Data excerpt
Content starts
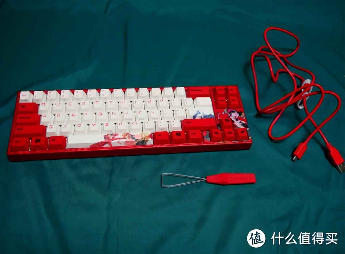 一把是在售的Z830,少见的红色外观,很有圣诞老人的感觉,Gasket结构,G黄pro轴(好像是),整体做工和大键调校都还不错。也是米物旗下目前推荐的键盘。当你吃它的颜的时候,它的使用体验也会让你满意。
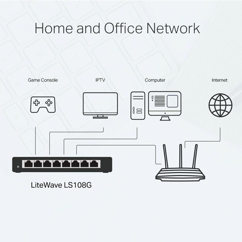 TP-LINK LS108G je 8-portno Gigabit namizno stikalo (switch). TP-LINK LiteWave serija unmanaged stikal omogoča preprost in cenovno ugoden način za razširitev ožičenega omrežja. So enostavni za uporabo in zanesljivi. S temi plug-and-play stikali lahko takoj razširite svoje omrežne povezave na več naprav. Ker vsa vrata podpirajo samodejni MDI / MDIX, vam ni treba skrbeti za vrsto kabla, ki ga želite uporabiti.
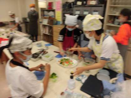 5年生2回目の調理実習は、人参・ブロッコリー・キャベツの三色ゆで野菜サラダです。野菜の種類に応じて切り方やゆで方、調理の手順を学びました。人参は水からゆで、ブロッコリーとキャベツは沸騰した湯でゆでます。キャベツだけはゆでてから切ります。フレンチ・和風・中華風の3つから各自の好みで選んで、ドレッシングを作ります。「野菜サラダと聞いて『いやだな』と思ったけど、おいしくて全部食べた」や「ドレッシングは買うものだと思ってた。今日は中華風にしたけど、家で和風とフレンチも作ってみたい」などの感想がありました。家でもゆで野菜サラダと自家製ドレッシングを作って、学びを生かしてほしいです。
Content ends
Task directions
Will you repeat the material above, but only from the line containing "TP-LINK LS108G je" through its last line, exactly and without the pictures?

Expected output
 TP-LINK LS108G je 8-portno Gigabit namizno stikalo (switch). TP-LINK LiteWave serija unmanaged stikal omogoča preprost in cenovno ugoden način za razširitev ožičenega omrežja. So enostavni za uporabo in zanesljivi. S temi plug-and-play stikali lahko takoj razširite svoje omrežne povezave na več naprav. Ker vsa vrata podpirajo samodejni MDI / MDIX, vam ni treba skrbeti za vrsto kabla, ki ga želite uporabiti.
 5年生2回目の調理実習は、人参・ブロッコリー・キャベツの三色ゆで野菜サラダです。野菜の種類に応じて切り方やゆで方、調理の手順を学びました。人参は水からゆで、ブロッコリーとキャベツは沸騰した湯でゆでます。キャベツだけはゆでてから切ります。フレンチ・和風・中華風の3つから各自の好みで選んで、ドレッシングを作ります。「野菜サラダと聞いて『いやだな』と思ったけど、おいしくて全部食べた」や「ドレッシングは買うものだと思ってた。今日は中華風にしたけど、家で和風とフレンチも作ってみたい」などの感想がありました。家でもゆで野菜サラダと自家製ドレッシングを作って、学びを生かしてほしいです。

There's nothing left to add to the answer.